### Record extracts

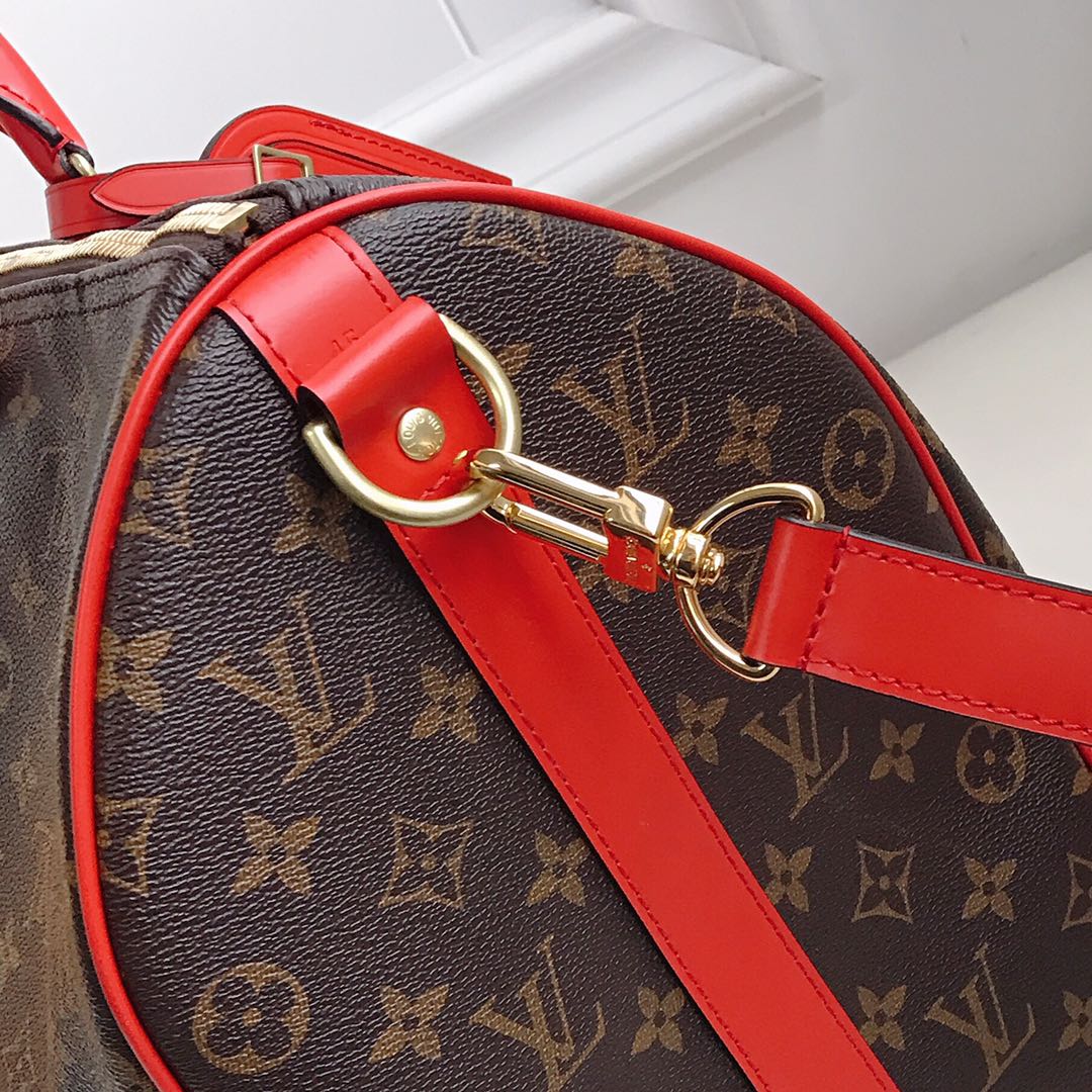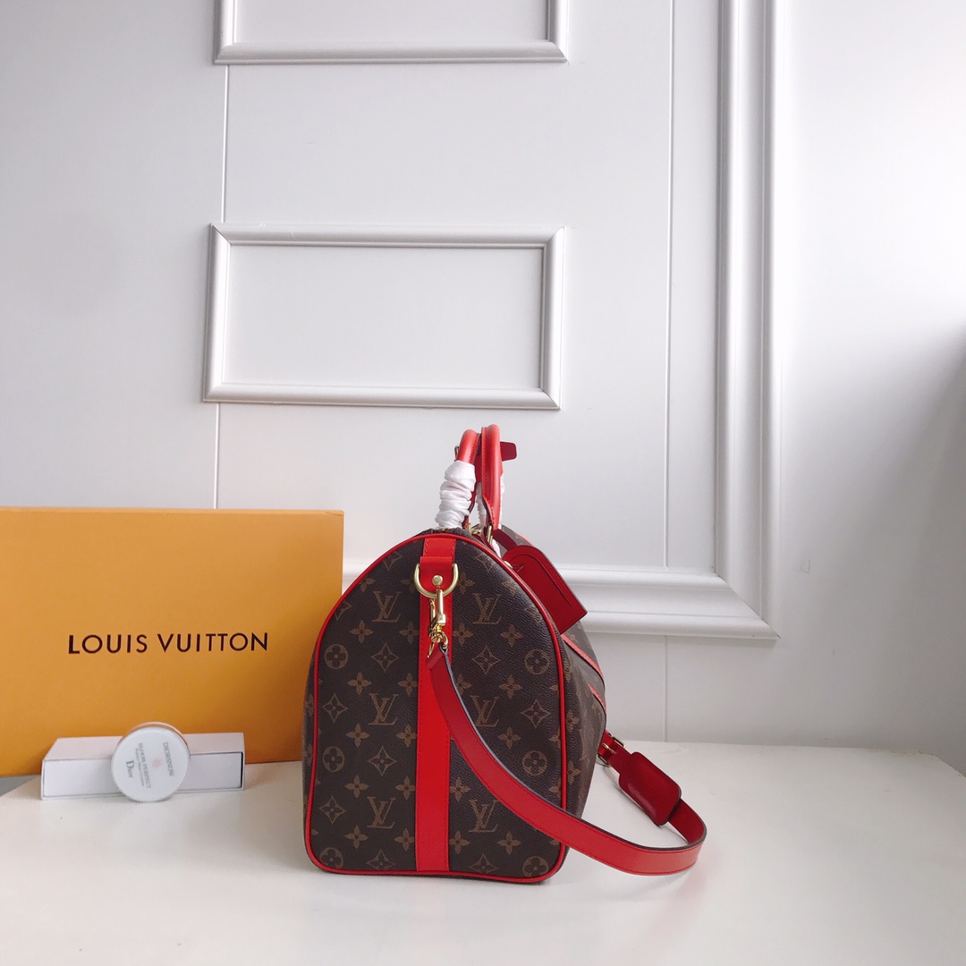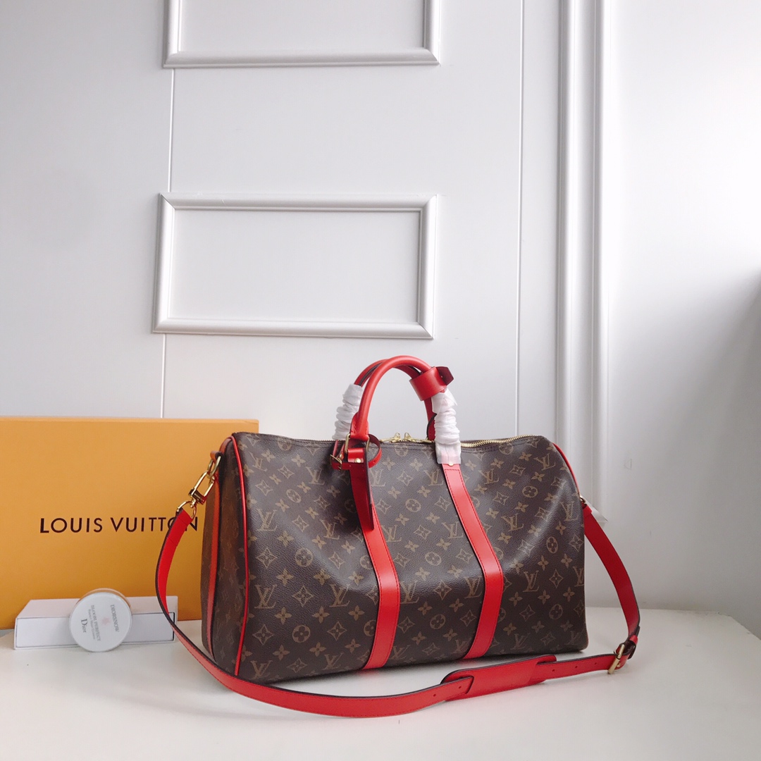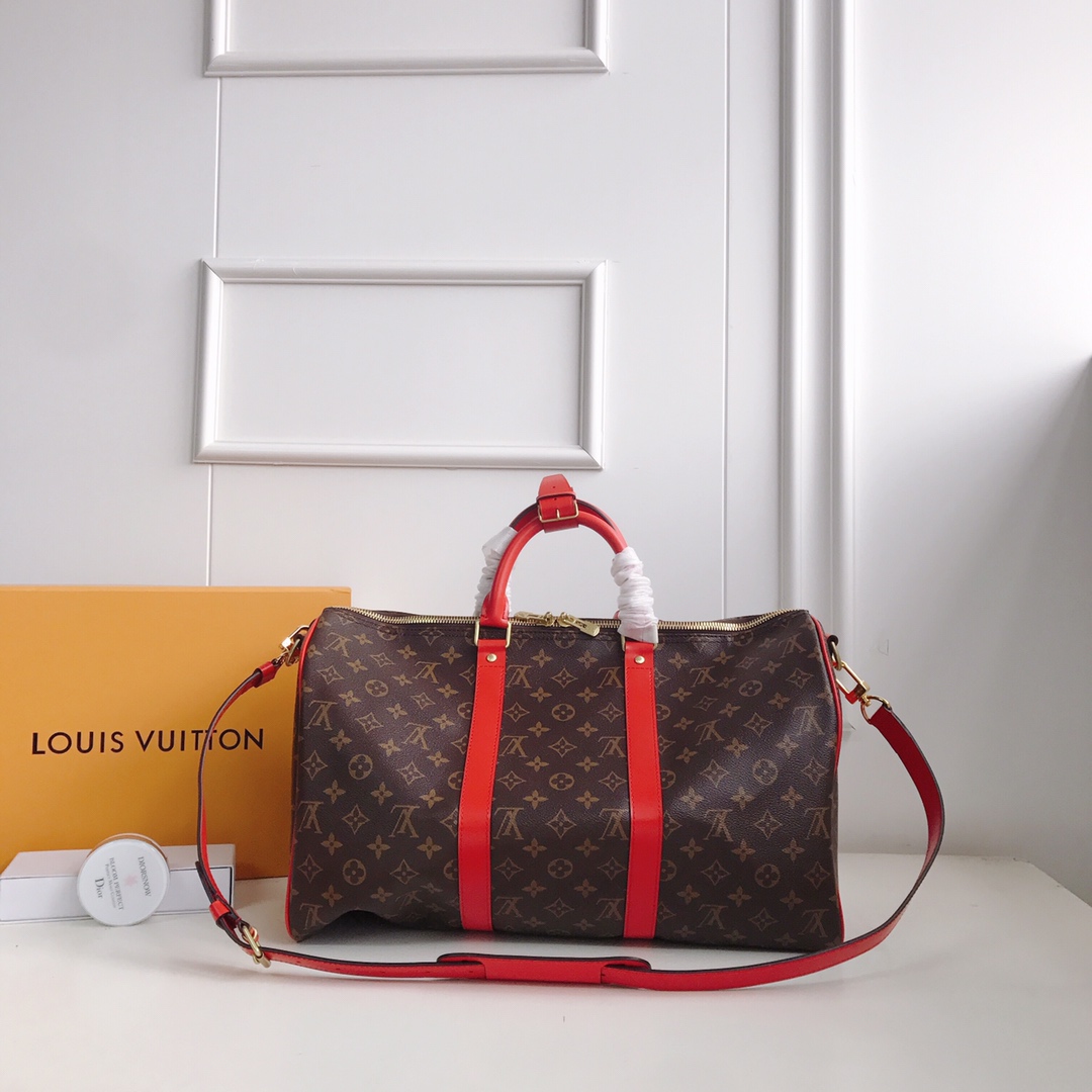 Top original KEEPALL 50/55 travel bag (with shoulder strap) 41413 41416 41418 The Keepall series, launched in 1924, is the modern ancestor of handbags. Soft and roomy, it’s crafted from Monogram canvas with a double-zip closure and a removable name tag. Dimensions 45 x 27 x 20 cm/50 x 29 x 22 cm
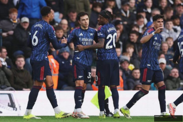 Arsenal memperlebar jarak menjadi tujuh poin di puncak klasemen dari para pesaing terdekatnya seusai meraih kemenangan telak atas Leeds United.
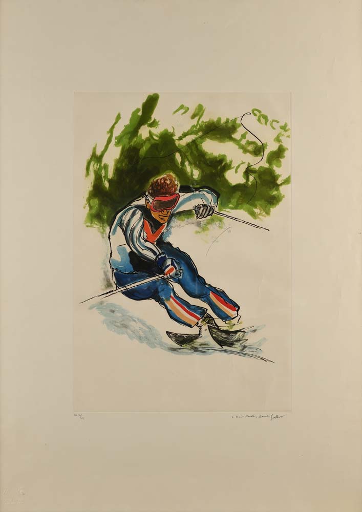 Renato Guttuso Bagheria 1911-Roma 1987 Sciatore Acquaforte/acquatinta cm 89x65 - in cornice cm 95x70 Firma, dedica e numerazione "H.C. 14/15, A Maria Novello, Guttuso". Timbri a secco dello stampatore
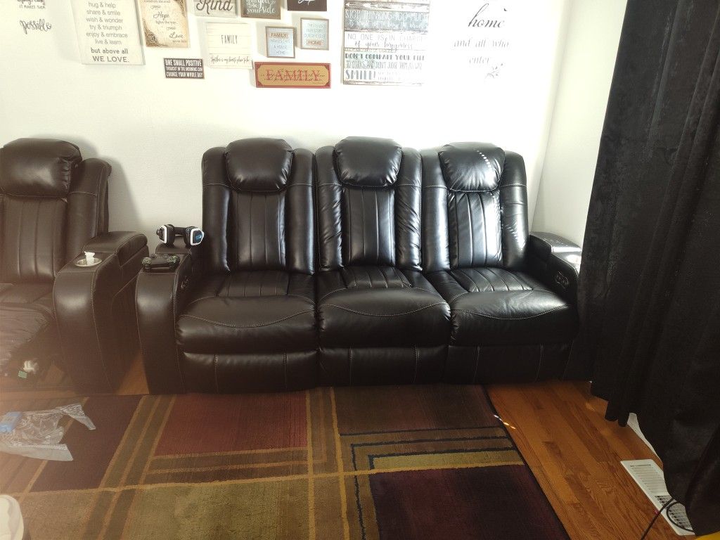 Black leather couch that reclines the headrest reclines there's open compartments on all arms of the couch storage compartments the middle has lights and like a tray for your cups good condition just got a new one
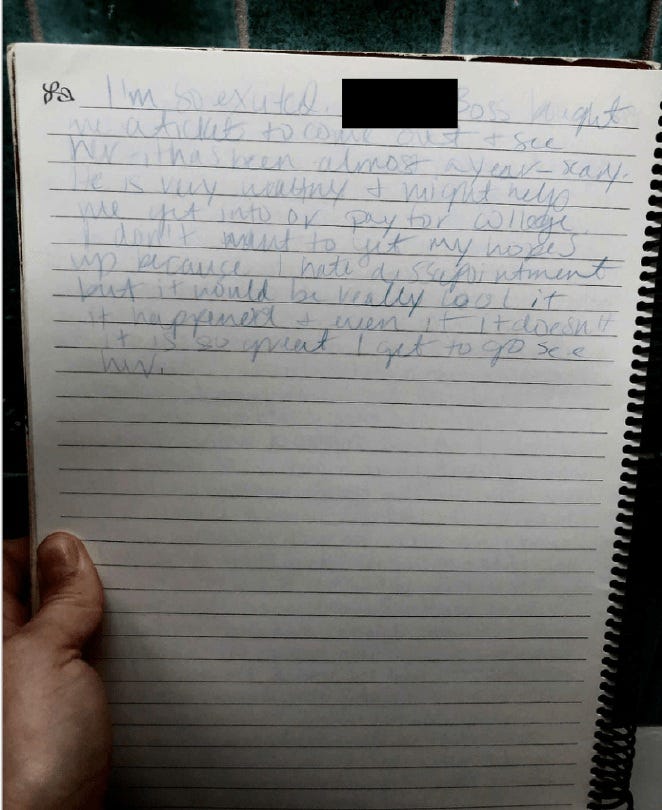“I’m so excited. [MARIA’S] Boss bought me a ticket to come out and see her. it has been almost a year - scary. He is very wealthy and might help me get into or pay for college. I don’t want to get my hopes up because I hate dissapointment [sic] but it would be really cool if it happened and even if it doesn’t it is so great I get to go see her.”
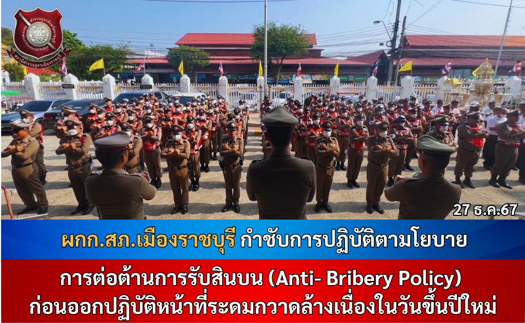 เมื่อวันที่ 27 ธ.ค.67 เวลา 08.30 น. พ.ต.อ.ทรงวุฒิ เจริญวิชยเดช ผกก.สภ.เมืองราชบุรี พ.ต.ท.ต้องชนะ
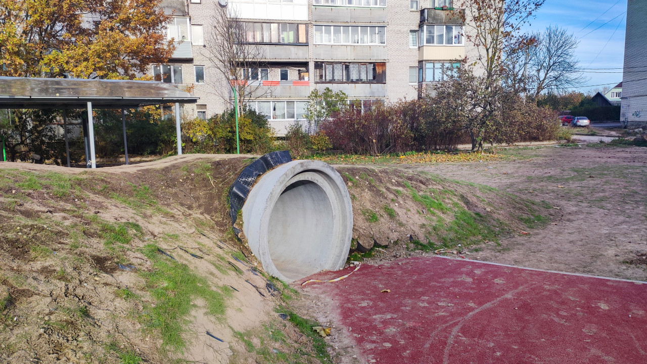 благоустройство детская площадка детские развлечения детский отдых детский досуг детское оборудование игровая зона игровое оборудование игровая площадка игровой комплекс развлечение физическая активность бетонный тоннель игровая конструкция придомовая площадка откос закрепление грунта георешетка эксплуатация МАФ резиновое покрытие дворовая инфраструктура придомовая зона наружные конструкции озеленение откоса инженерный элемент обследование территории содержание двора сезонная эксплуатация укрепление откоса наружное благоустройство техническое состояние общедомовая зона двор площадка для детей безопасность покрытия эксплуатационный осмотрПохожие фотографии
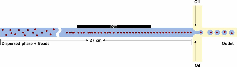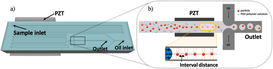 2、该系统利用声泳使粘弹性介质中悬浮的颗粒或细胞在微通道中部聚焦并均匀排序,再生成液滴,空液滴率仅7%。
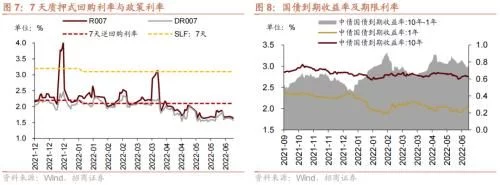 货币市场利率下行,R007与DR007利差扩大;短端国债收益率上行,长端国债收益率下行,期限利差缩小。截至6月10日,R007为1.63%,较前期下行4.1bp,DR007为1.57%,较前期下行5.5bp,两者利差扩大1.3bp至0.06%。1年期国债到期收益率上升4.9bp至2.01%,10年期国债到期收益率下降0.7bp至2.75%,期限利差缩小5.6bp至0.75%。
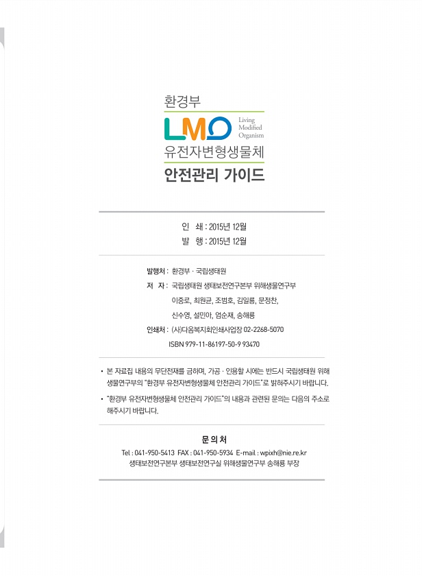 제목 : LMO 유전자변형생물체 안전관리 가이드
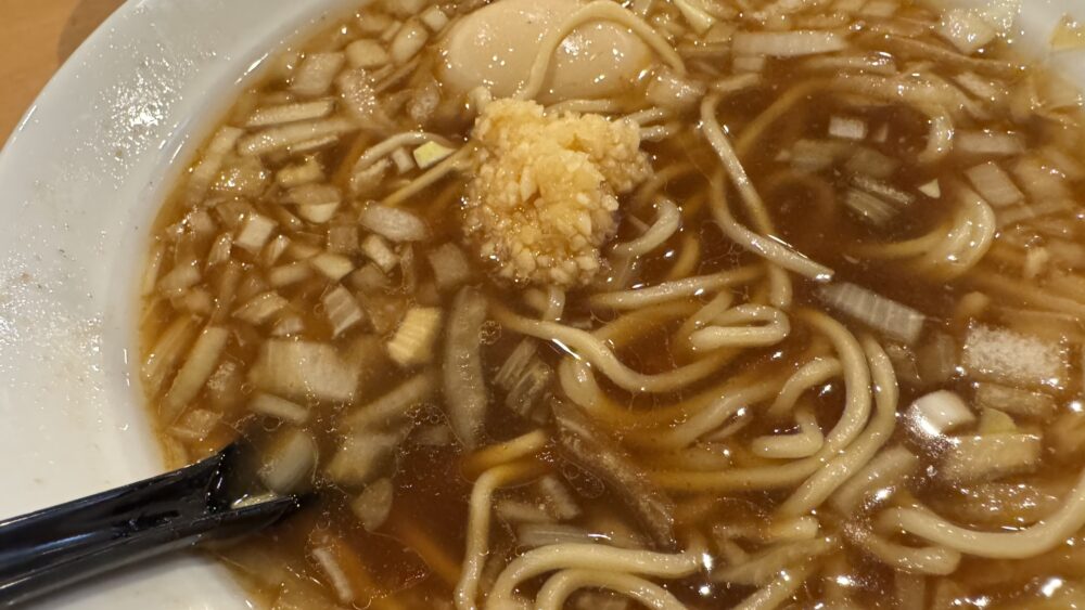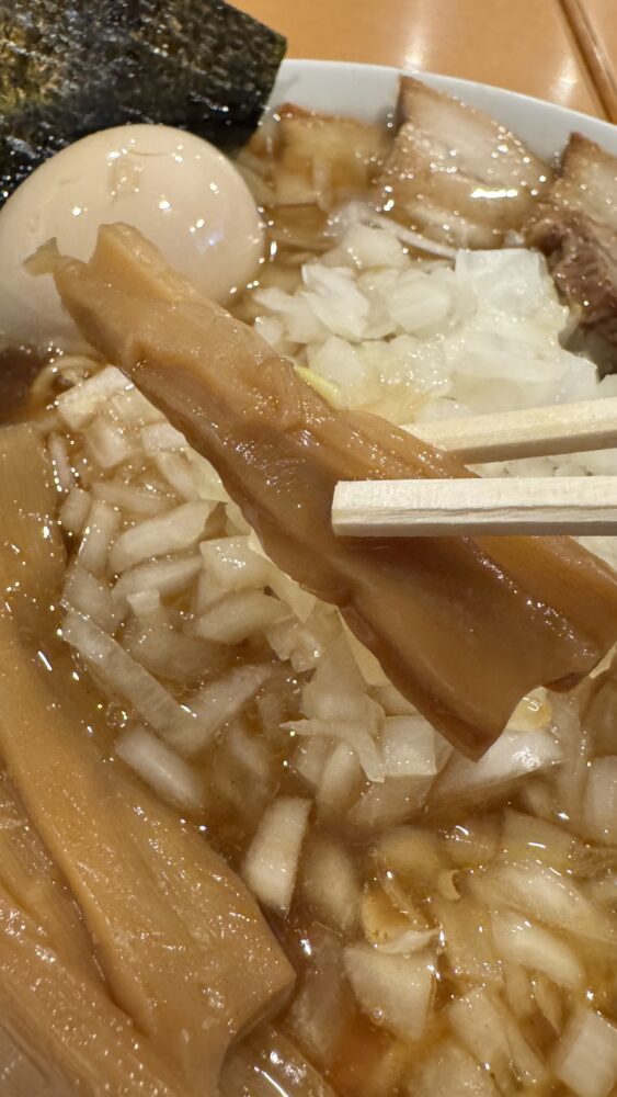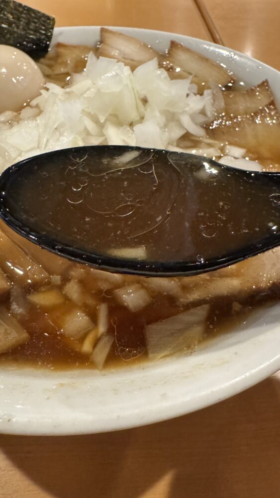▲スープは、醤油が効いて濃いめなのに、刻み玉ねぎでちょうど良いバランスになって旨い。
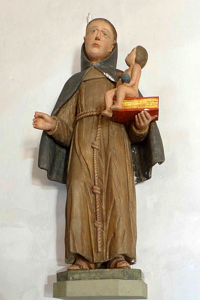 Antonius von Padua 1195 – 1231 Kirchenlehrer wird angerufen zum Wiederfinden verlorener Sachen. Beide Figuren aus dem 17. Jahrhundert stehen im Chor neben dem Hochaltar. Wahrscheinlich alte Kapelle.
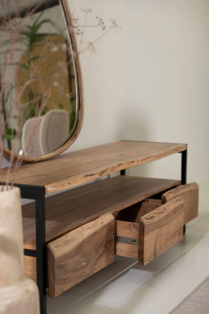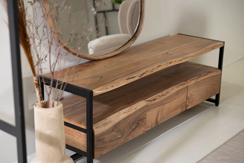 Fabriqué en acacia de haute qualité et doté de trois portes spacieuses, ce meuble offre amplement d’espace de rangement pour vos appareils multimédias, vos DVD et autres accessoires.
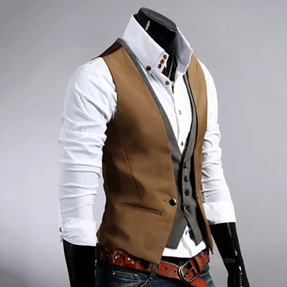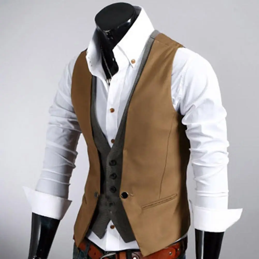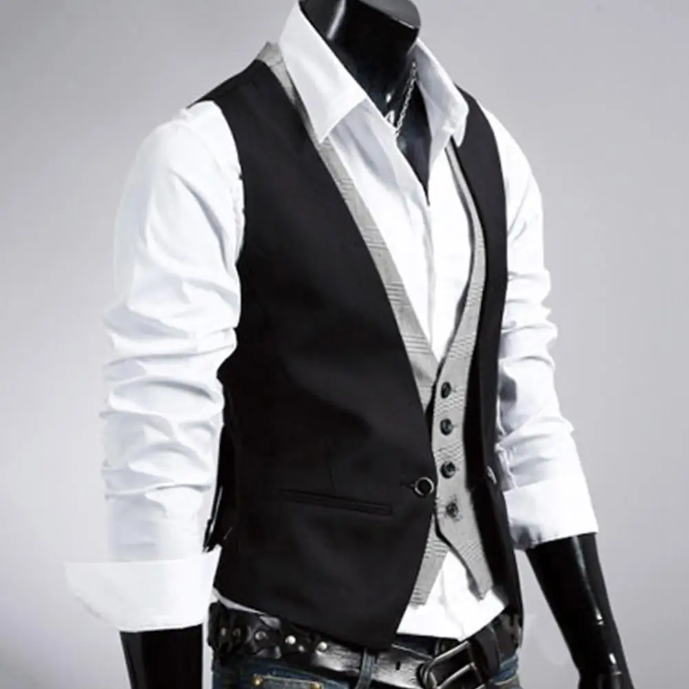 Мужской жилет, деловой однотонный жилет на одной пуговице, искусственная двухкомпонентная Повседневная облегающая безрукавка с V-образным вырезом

######

What needs to be done — Please write out exactly the lines starting at the one that contains "货币市场利率下行,R007与" and ending with the final line of the entries, both ends included. Do not write out any pictures.

Response area —
 货币市场利率下行,R007与DR007利差扩大;短端国债收益率上行,长端国债收益率下行,期限利差缩小。截至6月10日,R007为1.63%,较前期下行4.1bp,DR007为1.57%,较前期下行5.5bp,两者利差扩大1.3bp至0.06%。1年期国债到期收益率上升4.9bp至2.01%,10年期国债到期收益率下降0.7bp至2.75%,期限利差缩小5.6bp至0.75%。
 제목 : LMO 유전자변형생물체 안전관리 가이드
▲スープは、醤油が効いて濃いめなのに、刻み玉ねぎでちょうど良いバランスになって旨い。
 Antonius von Padua 1195 – 1231 Kirchenlehrer wird angerufen zum Wiederfinden verlorener Sachen. Beide Figuren aus dem 17. Jahrhundert stehen im Chor neben dem Hochaltar. Wahrscheinlich alte Kapelle.
 Fabriqué en acacia de haute qualité et doté de trois portes spacieuses, ce meuble offre amplement d’espace de rangement pour vos appareils multimédias, vos DVD et autres accessoires.
 Мужской жилет, деловой однотонный жилет на одной пуговице, искусственная двухкомпонентная Повседневная облегающая безрукавка с V-образным вырезом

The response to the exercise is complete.